Taiwanese multinational electronics corporation

AOpen (建碁股份有限公司 (Jiànqí Gǔfèn Yǒuxiàn Gōngsī), stylized AOPEN) is a minor Taiwanese electronics manufacturer that makes computers and its parts. AOpen used to be the Open System Business Unit of Acer Computer Inc. which designed, manufactured and sold computer components.

The company was incorporated in December 1996 as a subsidiary of Acer Group with an initial public offering (IPO) at the Taiwan stock exchange in August 2002. It is also the first subsidiary that established the entrepreneurship paradigm in the pan-Acer Group. At that time, AOpen's major shareholder was the Wistron Group.

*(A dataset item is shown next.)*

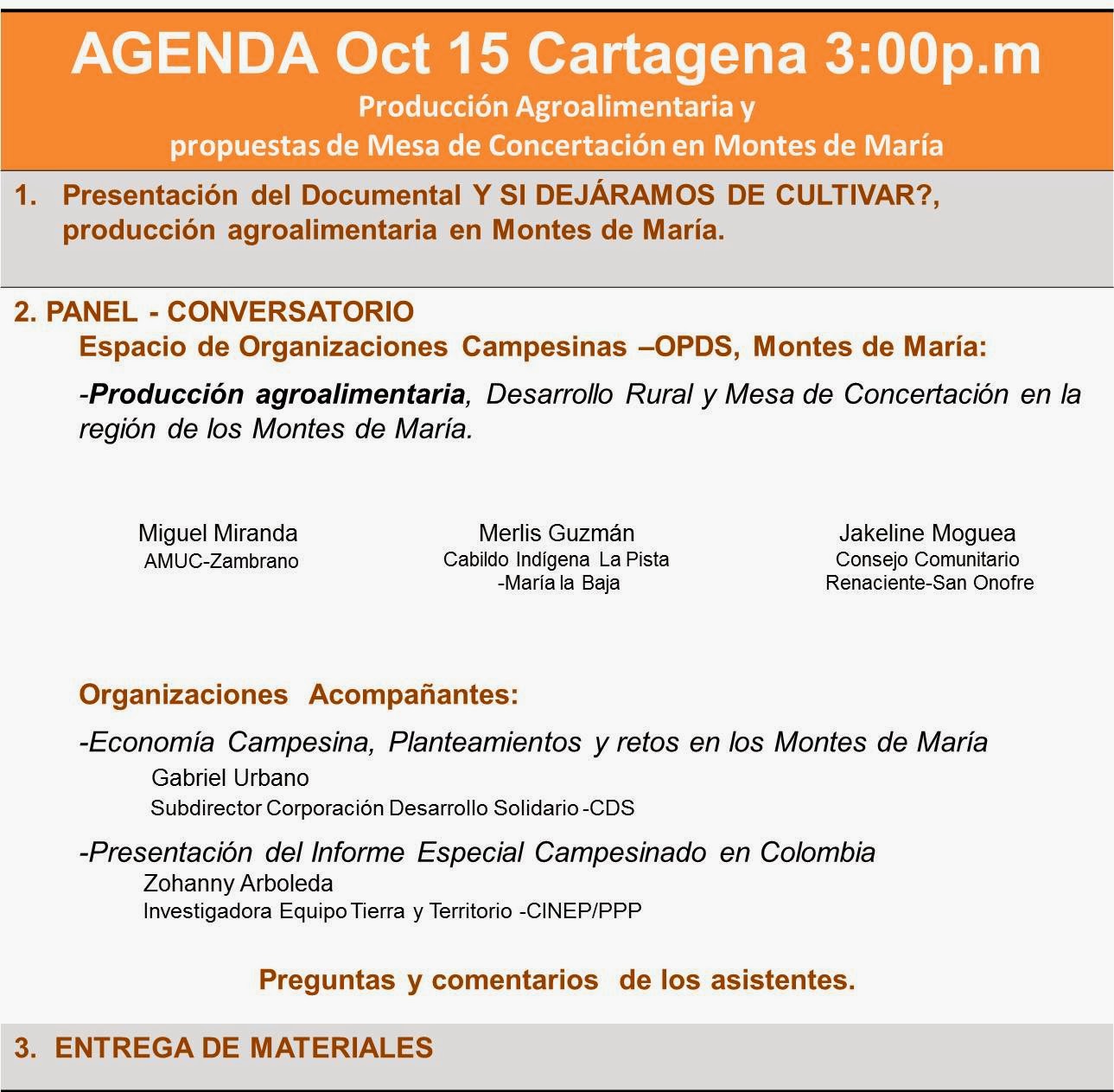 Encuentro para la articulación de acciones regionales por el derecho a la tierra y el territorio en Montes de María

In 2018, AOpen became a partner of the pan-Acer Group again as the business-to-business branch of the computing industry.

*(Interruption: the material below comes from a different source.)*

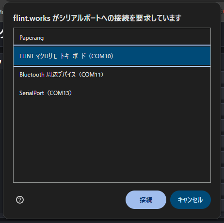 3) ポート選択ダイアログで、「FLINT マクロリモコンキーボード(COM?)のシリアルポートを選ぶ
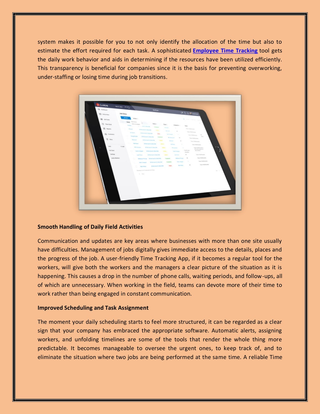 system makes it possible for you to not only identify the allocation of the time but also to estimate the effort required for each task. A sophisticated Employee Time Tracking tool gets the daily work behavior and aids in determining if the resources have been utilized efficiently. This transparency is beneficial for companies since it is the basis for preventing overworking, under-staffing or losing time during job transitions. Smooth Handling of Daily Field Activities Communication and updates are key areas where businesses with more than one site usually have difficulties. Management of jobs digitally gives immediate access to the details, places and the progress of the job. A user-friendly Time Tracking App, if it becomes a regular tool for the workers, will give both the workers and the managers a clear picture of the situation as it is happening. This causes a drop in the number of phone calls, waiting periods, and follow-ups, all of which are unnecessary. When working in the field, teams can devote more of their time to work rather than being engaged in constant communication. Improved Scheduling and Task Assignment The moment your daily scheduling starts to feel more structured, it can be regarded as a clear sign that your company has embraced the appropriate software. Automatic alerts, assigning workers, and unfolding timelines are some of the tools that render the whole thing more predictable. It becomes manageable to oversee the urgent ones, to keep track of, and to eliminate the situation where two jobs are being performed at the same time. A reliable Time

AOpen is perhaps most well known for their mobile on desktop (MoDT), which implements Intel's Pentium M platform on desktop motherboards. Because the Pentium 4 and other NetBurst CPUs proved less energy efficient than the Pentium M, in late 2004 and early 2005, many manufacturers introduced desktop motherboards for the mobile Pentium M, AOpen being one of the first.

AOpen currently specializes in ultra small form factor (uSFF) platform applications; digital signage; and product development and designs characterized by miniaturization, standardization and modularization.

AOpen logo used from 1996 to 2013

==Product position and strategies==
AOpen has developed energy-saving products since 2005. According to different types of customers, applications and contexts, AOpen splits its product platforms into two major categories: media player platform and Panel PC platform, both of which have Windows, Linux, ChromeOS and Android devices.